Clustering algorithms gathers unlabeled data into groups without prior knowledge which makes it different from classification. Classification uses supervised learning while clustering uses unsupervised learning. You can break clustering problems into 2 categories pattern recognition and anomalies detection. Algorithms used for clustering are:

• K-means.
• Self-organizing maps.
• DBSCAN.
• Bayesian Gaussian mixture models.

For security purposes you might need to generate new data which is known as synthetic data. You use synthetic data for many use cases, such as cracking passwords, fuzz testing, vulnerability testing of your application, steganography, … Synthetic data can come handy when you don’t want to share the original data, but still share a representative sample with someone for testing. Some of the algorithms used to generate data are:

• Markov chains.
• Boltzmann machines.
• GANs.

Practical Considerations, Risks and Limitations

There are 3 ways AI can impact your organization:

1. Limitations and poor implementation of AI.
2. Attacks against your implementation of AI.
3. Use of AI by attackers.

The algorithms, especially deep learning algorithms, do not have domain knowledge. They don’t understand the underlying network topologies, the physics, or your business logic. These algorithms only look at input and output data and identify relationships between them without any meaning attached to that relationship. Also, machine learning has a dependency on large data sets and in many cases on the availability of labeled data. You may not have such data available in your organization to train the machine learning models.

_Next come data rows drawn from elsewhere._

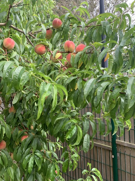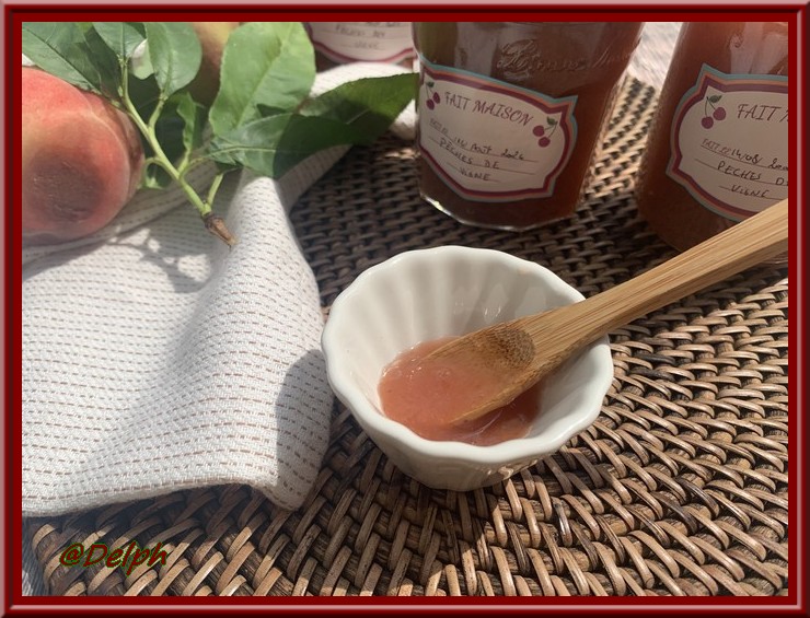 Cette année j’ai fait le stock de confiture pour l’hiver, après les framboises, les figues, les prunes, ce sont les pêches. C’est chez ma belle-maman que j’ai fait la récolte elle a trois pêchers qui croulent sous les fruits.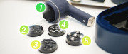 MEDIVON Lift 6in1 masažuoklis, 5 masažo galvutės, dėklas, dokumentacija.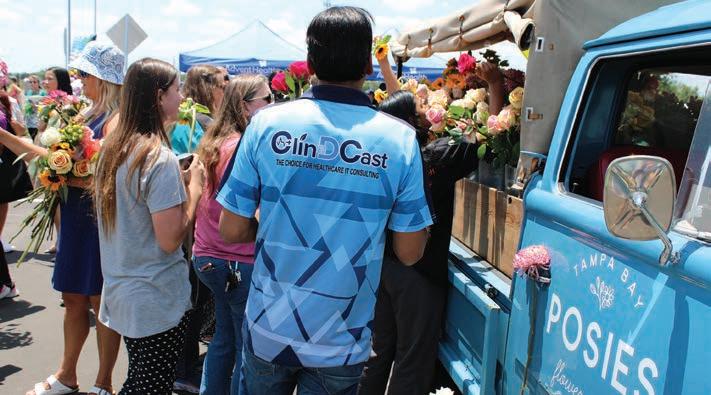 Despite temperatures that soared well above 90º, an estimated crowd of more than 1,000 people came to enjoy free food and beverages, provided by four hard-working food trucks, free pickyour-own bouquets of absolutely gorgeous flowers from Tampa Bay Posies (top right), free fresh fruits and veggies from the AdventHealth “Farm-acy” (which Murrill himself helped give out), face painting, music provided by Miles DJ Productions, and of course, tours of the new AHMP ER.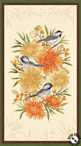 Chickadee Charm captures the essence of natural beauty with an earthy elegance. This warm, inviting collection features a stunning mix of florals, birds, and botanicals in rich tones of yellow, orange, brown, and green. Highlights include a large scenic panel and a coordinating repeating stripe, complemented by packed florals, graceful chickadees, scattered chrysanthemums, delicate berry tosses, and tonal petal prints — perfect for creating projects that celebrate the serenity of nature.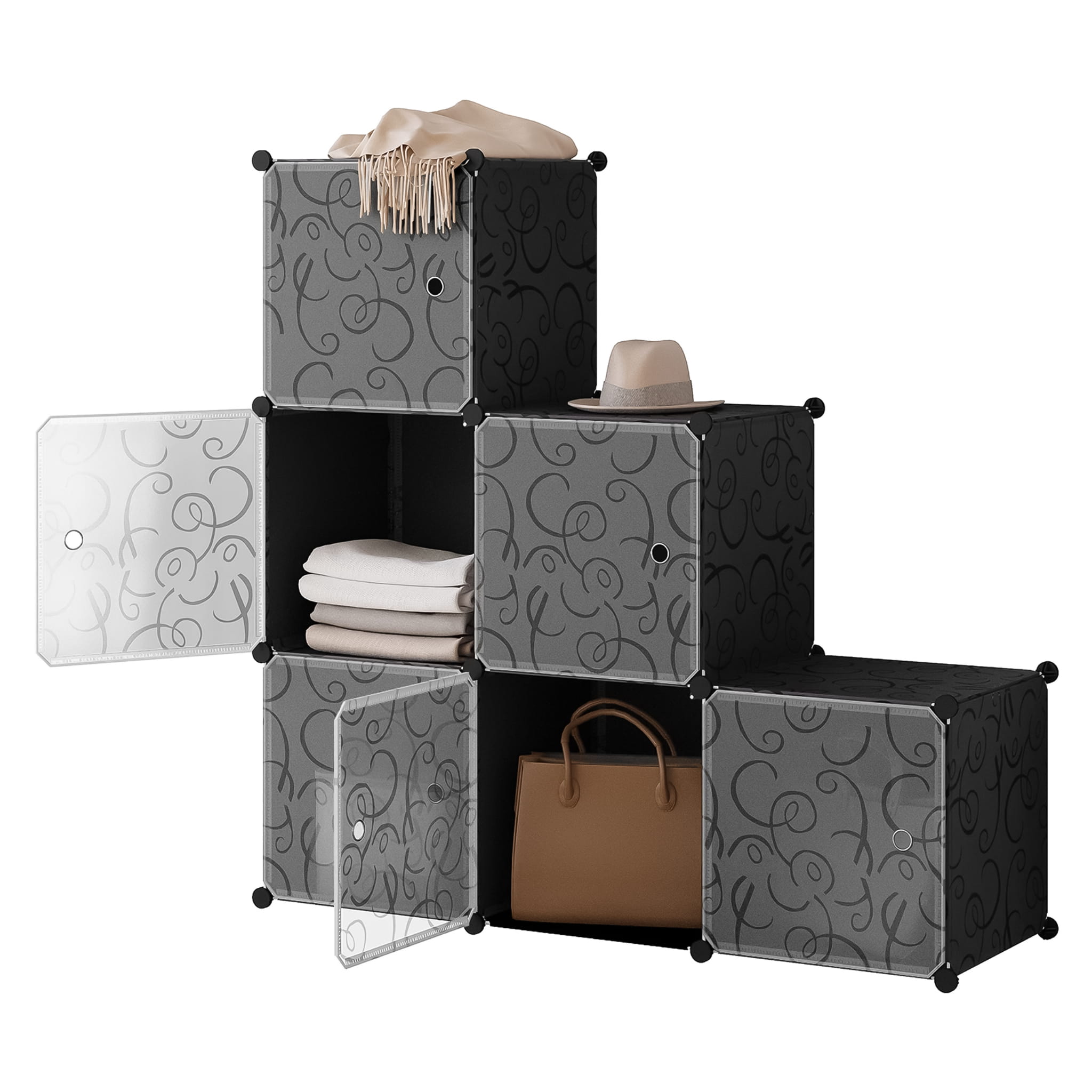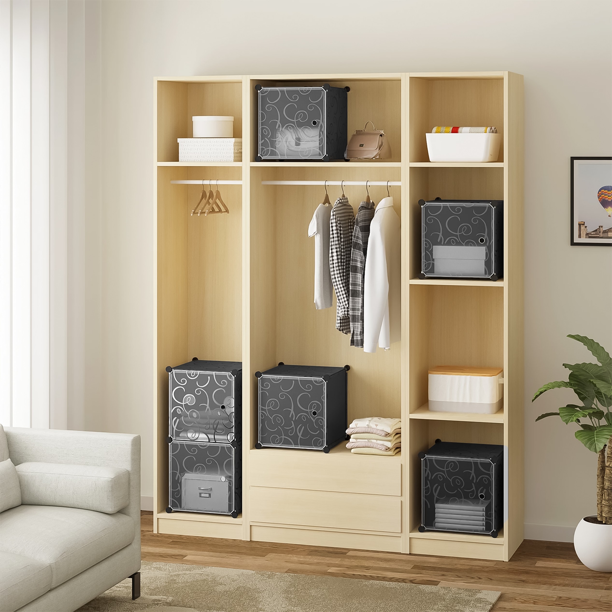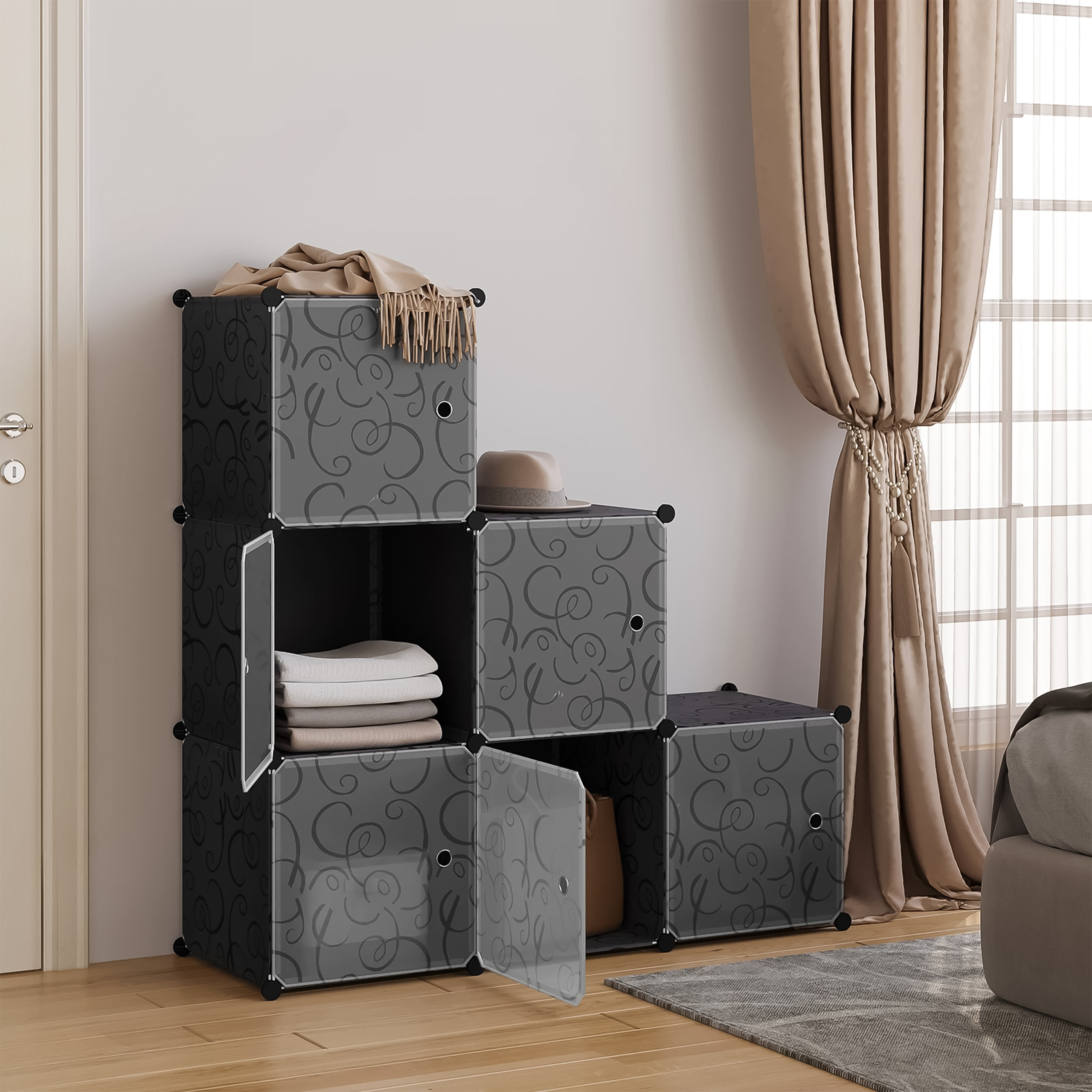Szafka składa się z trzech pojemnych modułów, które można ustawiać w pionie, w poziomie lub w różnych konfiguracjach – dopasowując ich układ do dostępnej przestrzeni. Każdy moduł posiada drzwiczki otwierane na bok, co ułatwia dostęp do zawartości i jednocześnie pozwala oszczędzić miejsce w pomieszczeniu.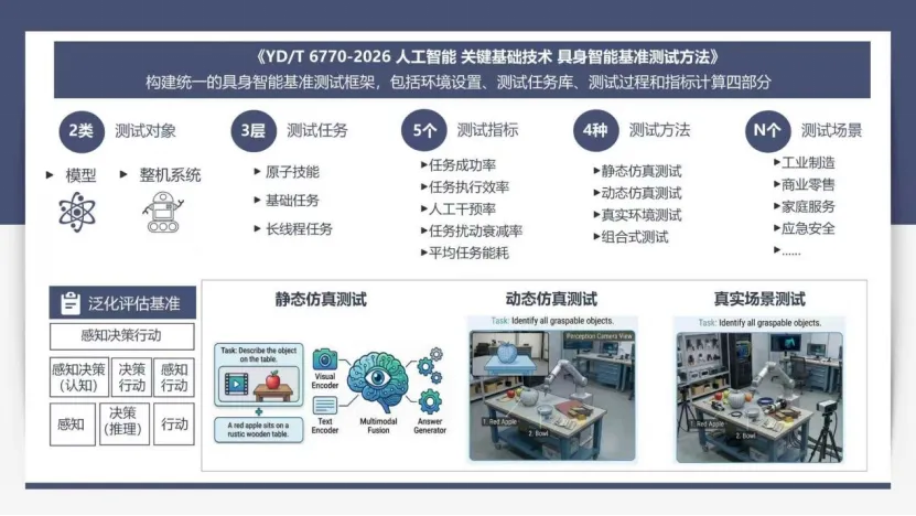 该标准规范了在仿真环境和真实环境下开展具身智能基准测试的环境设置、任务库构建、测试过程和指标计算方法,为具身智能领域构建了统一基准测试框架,标志着具身智能评测迈入“有标可依”的新阶段。目前,该标准已同步在ITU SG21推进国际标准立项。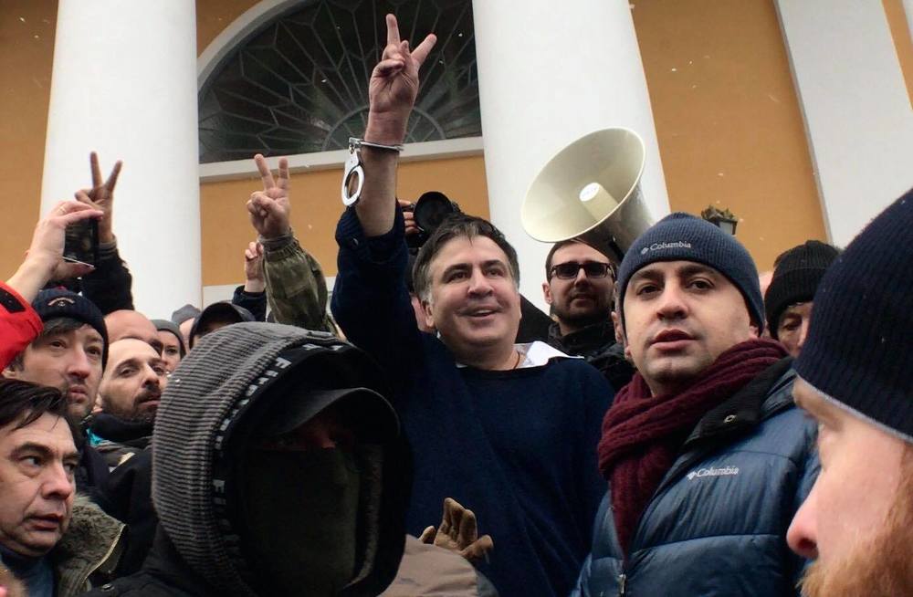 СБУ пыталась вывезти его из квартиры, которую Михо арендовал на улице Костельной. Но прозошел беспрецедентный в истории Украины случай: толпа активистов заблокировала служебное авто, взломала его и освободила Саакашвили.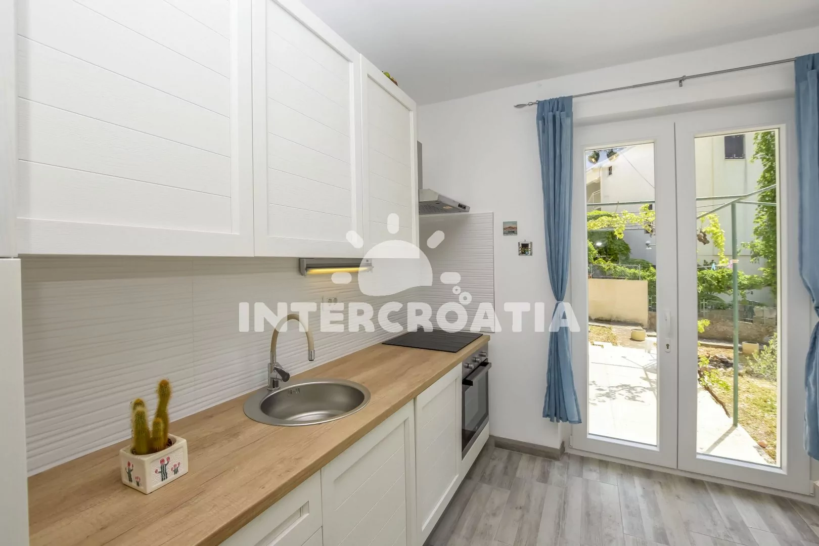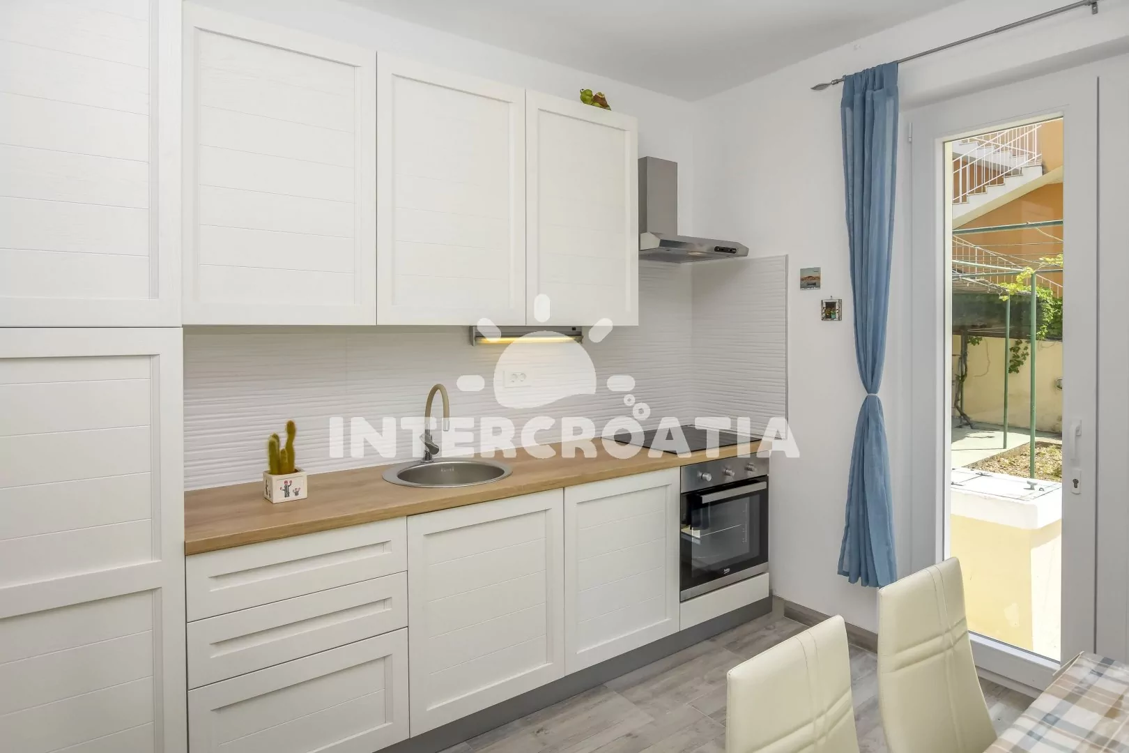 Apartmán (55 m2) pro 4 až 6 osob s terasou a posezením se nachází ve zvýšeném přízemí domu. Kuchyň s jídelním stolem pro 5 osob, kuchyňskou linou s varnou deskou, digestoří, vestavěnou troubou, myčkou na nádobí, rychlovarnou konvicí, kávovarem, nádobím, lednicí s mrazákem, klimatizací a vstupem na terasu. Obývací pokoj s pohovkou (extra lůžko pro 2 osoby), psacím stolem a televizí se satelitním programem. První ložnice s jedním dvoulůžkem. Druhá ložnice s dvěma jednolůžky. Koupelna se sprchovým koutem, umyvadlem a wc. Hostům je k dispozici parkování u objektu zdarma.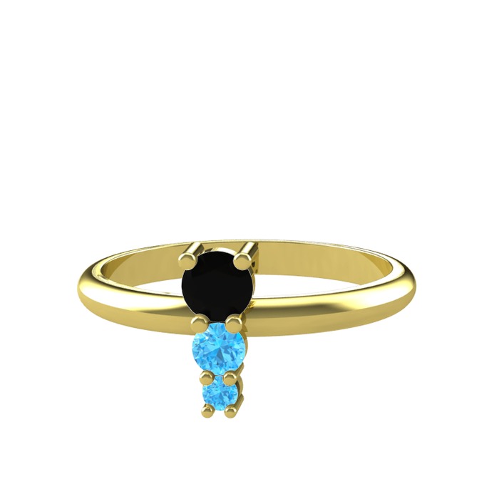 Siyah zirkon ve akuamarin 14 ayar altın yüzük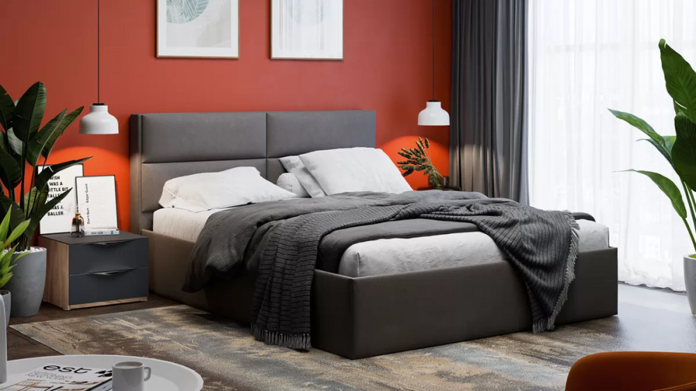 Спальный гарнитур «Глосс» стандартный без шкафа Яблоня Беллуно/Cтекло Графит матовый в Тюмени

AI opened a new attack surface. Not only AI can be a target to attacks, it can also expose the system and makes it prone to infiltration through AI. On the other hand, AI is empowering cyber criminals to carry out security attacks with greater speed, scope and stealth. Attackers use AI to automate common tasks such as scanning the network and discovering services. By applying Machine Learning, an attacker can bypass capture control, or even crack a password, or furthermore, utilize the data and API offered by a tool such as VirusTotal, to test a fully undetectable malware. As part of reconnaissance, attackers gather data about their potential targets.